The buyer of your business will not make pricing decisions based on your perceived personal sacrifices. It’s best to keep your emotions at bay because they will cause a deal to fall apart if you let your feelings get the best of you.
One of the best ways to avoid letting your emotions get the best of you is to determine whether or not you’re ready to sell your business. To find out, simply click below and take a brief survey:
5. Choosing the Wrong Time to Sell
One of the best ways to lose money when selling your business in Texas is to sell at the wrong time.
Holding on to your business too long is a common mistake that costs business owners a lot of money when selling. As mentioned in the section above, emotions come into play. People invest so much time, money & effort into a business that they, unfortunately, let those experiences cloud their judgment going forward.
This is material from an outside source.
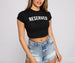 Let this top say it all! The crop top features a crew neckline. short sleeves. a graphic that reads "Reserved". and a cropped hem. The top is composed of a cotton knit fabric that offers a relaxed fit with a moderate stretch. Complete look with denim shorts.
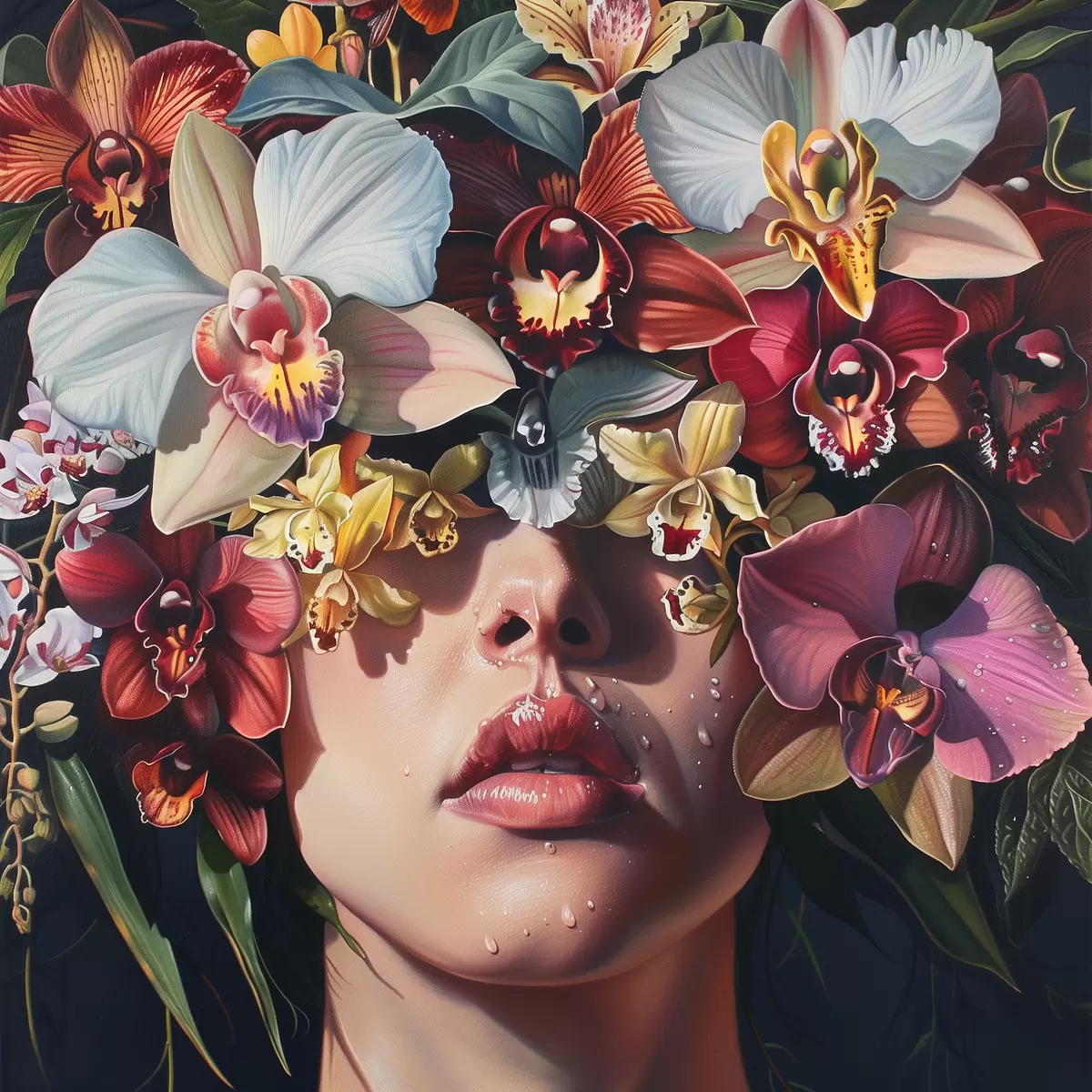 Paveikslas Mergina ir didelės orchidėjos Nr s39229

The failure to make a good or the right decision now based on past investments is known as the sunk cost fallacy.
Too often I get calls from relatively new business owners, in business under three years, who aren’t making any profit yet, but the owner claims the business has all kinds of “potential”. Now, everyone loves to buy a business with big upside potential, but no one is going to pay more than it’s presently worth. Unfortunately, people who buy businesses want a proven business that’s making money, not a business that just has “potential”. If the business has potential but isn’t yet making money, why should that potential money go to the seller?
The best time to sell is when your business is thriving or when an investment is needed to take it to the next level and you, as the business owner, don’t want to incur that cost.
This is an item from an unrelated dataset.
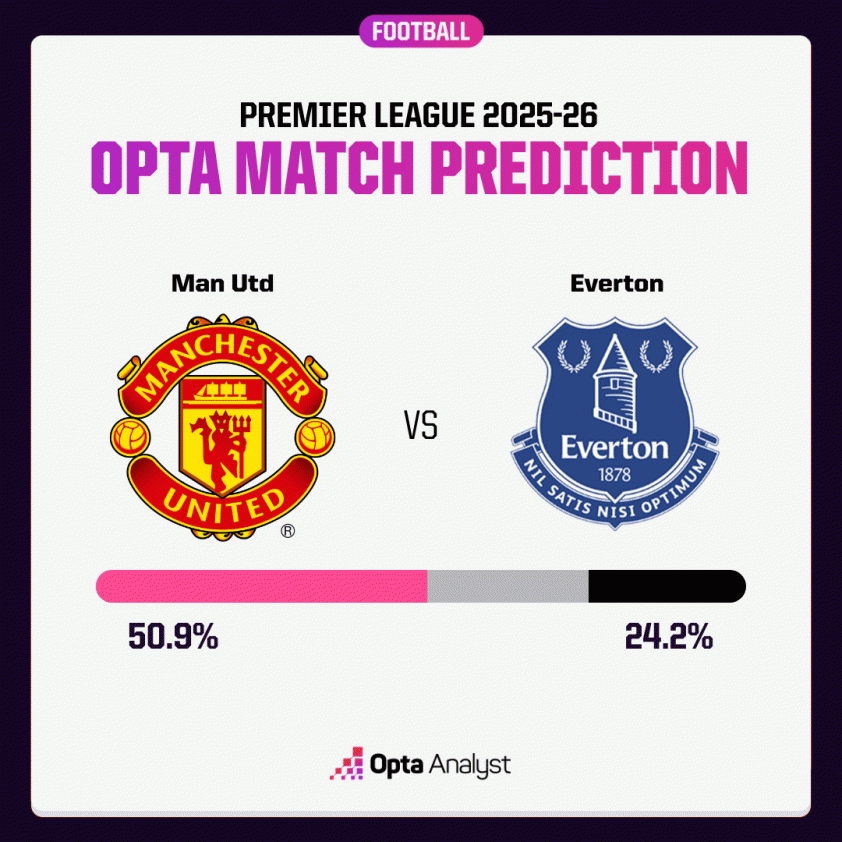 Siêu máy tính Opta đã đưa ra những nhận định và dự đoán về màn đối đầu giữa Man Utd và Everton tại vòng 12 Ngoại hạng Anh.

6. Selling Using Online Brokers
Did you know that 90% of businesses listed on online broker sites NEVER get sold? According to an article in Forbes:
“The percentage of listings that won’t sell is more like 90%. Therefore, it is a daunting task and frustrating for a buyer to wade through the numerous listings that are overpriced, have unsupported cash flow, lack information, and brokers who are not well trained. So the best route is to assist a buyer with a direct search, because the best listings are not on the internet.”
Too many business sellers will go with a business broker based on the price the broker tells them it will sell for. They get your business by telling you what you want to hear rather than what you need to hear. Then, after months of being on the market, they’ll start to tell you that you need to reduce your price.
Another mistake that will cost you money is using a discount broker. Why? Because the reason they offer lower commissions is that they cut their marketing costs. How is not marketing your business to potential buyers helping you?
Due to these reasons, it’s good to stay away from using online brokers to sell your business.
7. Trying To Sell A Business Yourself
You’re good at running your business. In fact, you’re an expert in it. Why? You spend every day focusing on your business and how you can best solve your customer’s problems.
Do you know what you’re not good at? Selling a business. Why? Because you’ve never done it before.
No one is good at doing something the first time they try. This is also the case when it comes to selling a business.
There are really a lot of legal issues to deal with besides trying to attract just the right buyer. Marketing your business, without your employees catching on, trying to negotiate the highest and best price for your company, and trying to run the business at the same time is a daunting task.
Instead of trying to sell a business yourself or using the services of a broker, why not sell directly to an investor? Business investors are those who specialize in buying businesses. They are less price-sensitive and more interested in favorable terms that can create win-win scenarios for all parties involved.